Maggie Rudick
In Maggie Rudick's long list of experiential learning opportunities as a Cornell student, three stand out for her: Wilderness Politics in northern Minnesota, a semester in Tanzania, and an international student symposium at the World Bank in Washington, D.C.
Wilderness Politics includes an extended journey in the Boundary Waters Canoe Area Wilderness. Rudick remembers being awoken at 5:00 A.M. one morning to witness a family of moose in their island campground.
"This moment put the course and the canoe trip into perspective for me," she says. "The Wilderness Act was created to protect these and other species who call the Boundary Waters home. This seemingly endless exchange between moose and man will always be remembered when I evaluate my role in this world."
While in Tanzania, she remembers meeting a young woman her own age on a ferry to Kigamboni Beach. The woman was studying English, and Rudick discovered many errors in her textbook.
"After the ferry, she invited me to her home to meet her family and we spent hours correcting her textbook and practicing language with each other. When I had returned to the United States, she had written me a beautiful letter, all in English, and I wrote her back in Swahili. I hope we can continue this friendship through letters."
Perhaps most meaningful of all was the three-day symposium at the World Bank.
"I met 200 young people, all in undergraduate, graduate, or doctorate study, and we discussed three of the Millennium Development Goals. Eventually, my committee wrote a proposal for each of these MDGs to help alleviate poverty worldwide. The proposal was sent to the United Nations and discussed during their Geneva Conference."

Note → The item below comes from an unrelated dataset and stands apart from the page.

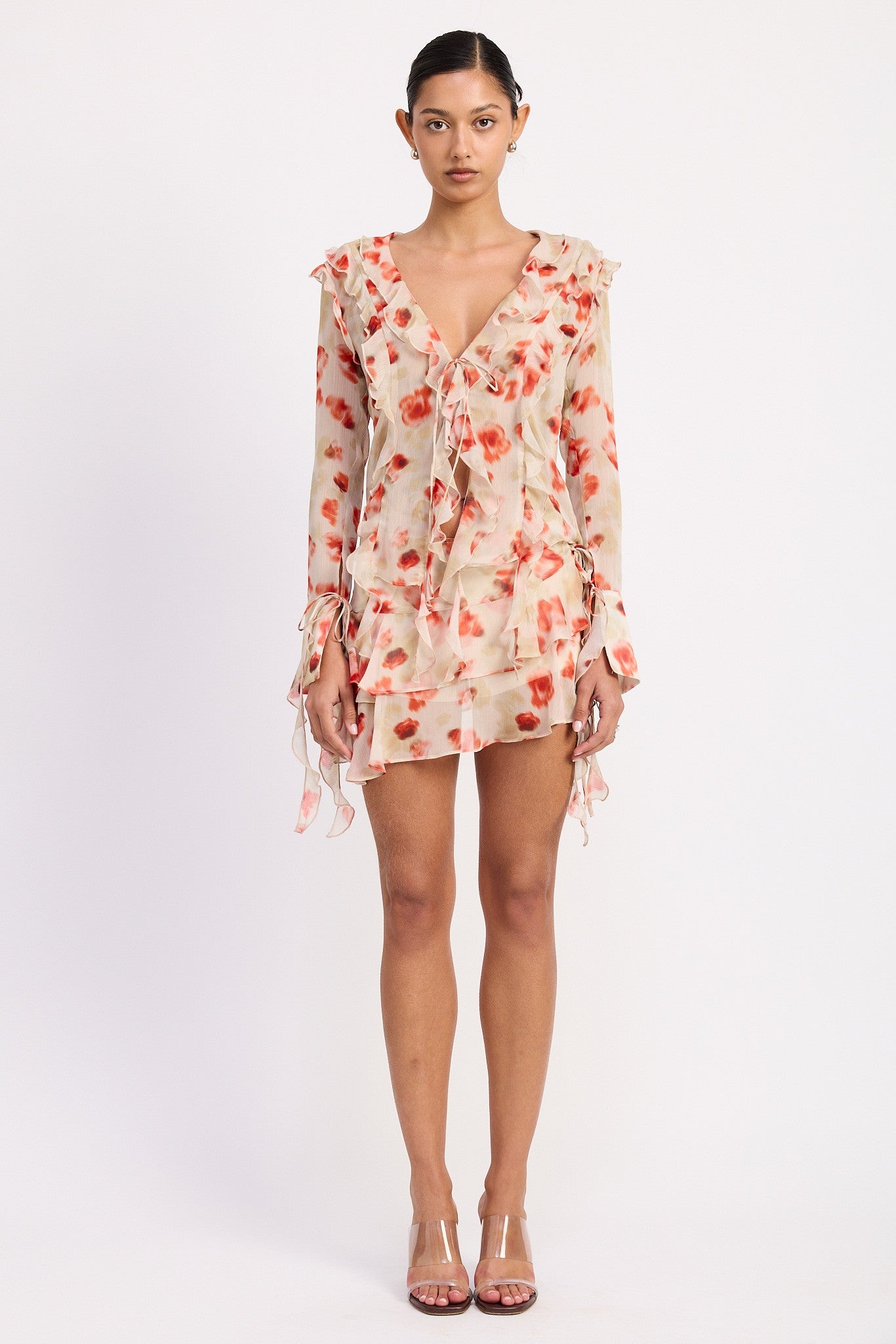 Designed for both comfort and style, this mini skirt features a flattering silhouette that flows effortlessly with every step. The sheer floral-printed polyester layers offer a dreamy, ethereal feel, while the cascading ruffles and side-tie accents bring a romantic touch.
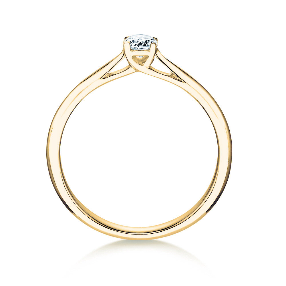 Eine kunstvoll gestaltete Fassung hebt den Diamanten elegant über die schlicht gearbeitete Ringschiene hinaus. So wird das Maximum des einfallenden Lichts reflektiert und der Diamant kann sein magisches Funkeln optimal entfalten. Der Auftritt dieses Rings ist angenehm zurückhaltend und zugleich stilvoll und trendy.

Rudick's endeavors also include a two-block Cornell Fellowship in her sophomore year, during which she developed a comprehensive outline of all trail-related plans, priorities, contacts, and resources in Linn County, Iowa, for the Fifteen-in-5 Trails Initiative. And during the summer of 2007, she applied her Wilderness Politics experiences in Idaho while leading youth crews in creating and maintaining trails as part of a five-week Americorps environmental education program.
These experiences and others have led Rudick, a politics major with an anthropology minor, to sign up for a role with the agricultural and forestry extension of the Peace Corps in sub-Saharan Africa after graduation. She plans to eventually work for the Foreign Service or to pursue graduate studies in a sustainability program.